Bug 808816

Summary: Umounting exported filesystems fails during shutdown
Product: Red Hat Enterprise Linux 5 Reporter: o.h.weiergraeber
Component: nfs-utilsAssignee: Steve Dickson <steved>
Status: CLOSED CURRENTRELEASE QA Contact: Red Hat Kernel QE team <kernel-qe>
Severity: medium Docs Contact:
Priority: unspecified    
Version: 5.8CC: bfields, jlayton, standifm
Target Milestone: rc   
Target Release: ---   
Hardware: i686   
OS: Linux   
Whiteboard:
Fixed In Version: Doc Type: Bug Fix
Doc Text:
Story Points: ---
Clone Of: Environment:
Last Closed: 2014-02-05 21:45:28 UTC Type: ---
Regression: --- Mount Type: ---
Documentation: --- CRM:
Verified Versions: Category: ---
oVirt Team: --- RHEL 7.3 requirements from Atomic Host:
Cloudforms Team: --- Target Upstream Version:

Description o.h.weiergraeber 2012-04-01 08:07:04 UTC
Description of problem:
A few weeks ago, several of my EL5 systems started throwing error messages during shutdown indicating hat certain filesystems cannot be unmounted since they are busy. These filesystems are exported via nfs, but the error occurs even if they are definitely not mounted by any client at that time. Commenting them in /etc/exports make the messages disappear.

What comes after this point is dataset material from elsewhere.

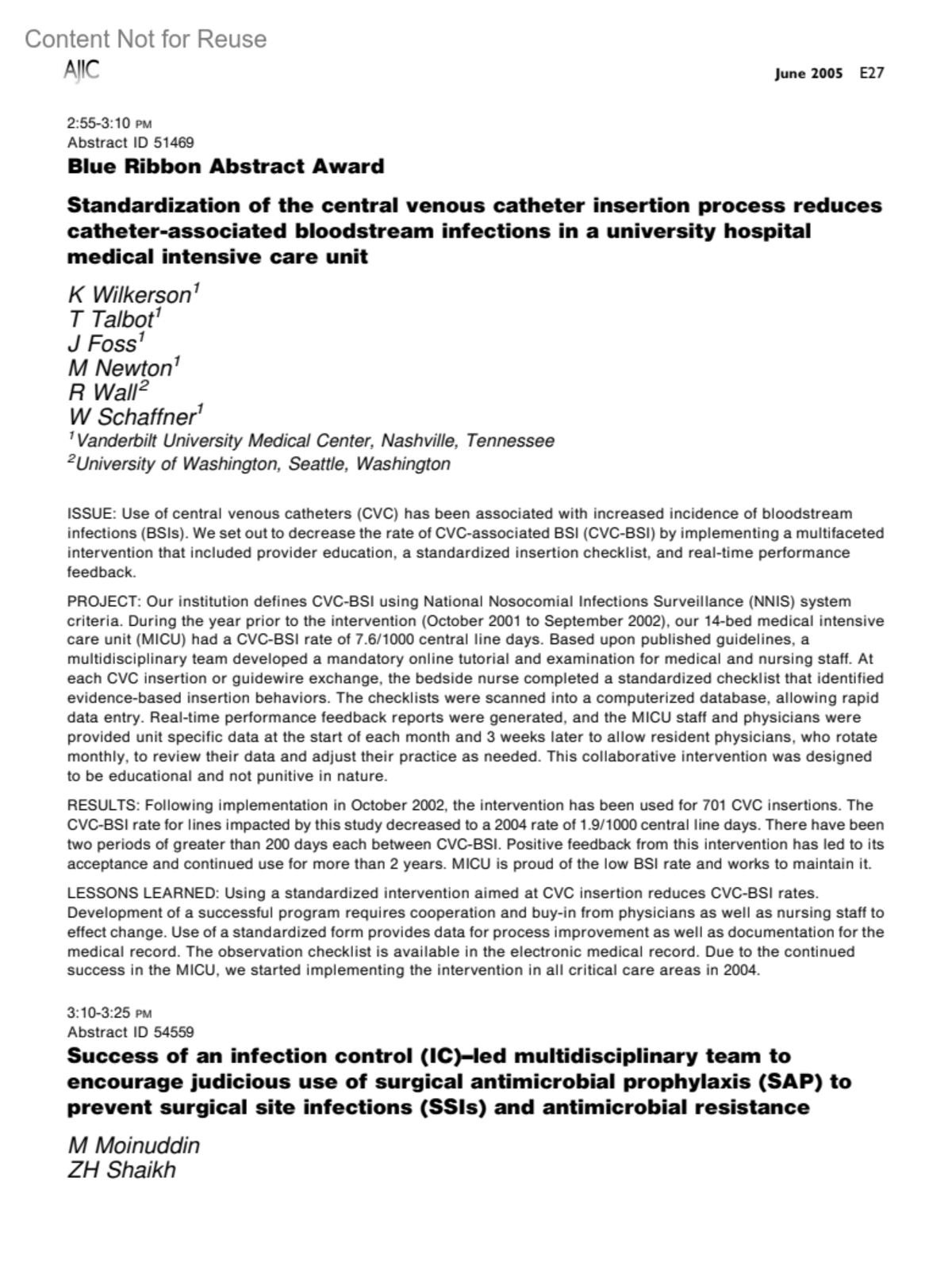 AJIC: American Journal of Infection Control 33(5):p E27, June 2005.

Version-Release number of selected component (if applicable):
nfs-utils-1.0.9-60.el5.i386


How reproducible:
quite reproducible


Steps to Reproduce:
1. define nfs exports
2. shutdown the system


Actual results:
error messages "device busy" during shutdown


Expected results:
system unmounts filesystems without errors


Additional info:

Comment 1 Steve Dickson 2012-04-03 16:02:41 UTC
What kernel version does this happen on? I'm not seeing this problem with the 2.6.18-308.el5 kernel...

Comment 2 o.h.weiergraeber 2012-04-04 10:36:40 UTC
The systems are fully patched, running kernel 2.6.18-308.1.1.el5 (one of them 32 bit, the other 64 bit).
Is there any possibility to get more verbose information about *why* exactly the file system is considered busy?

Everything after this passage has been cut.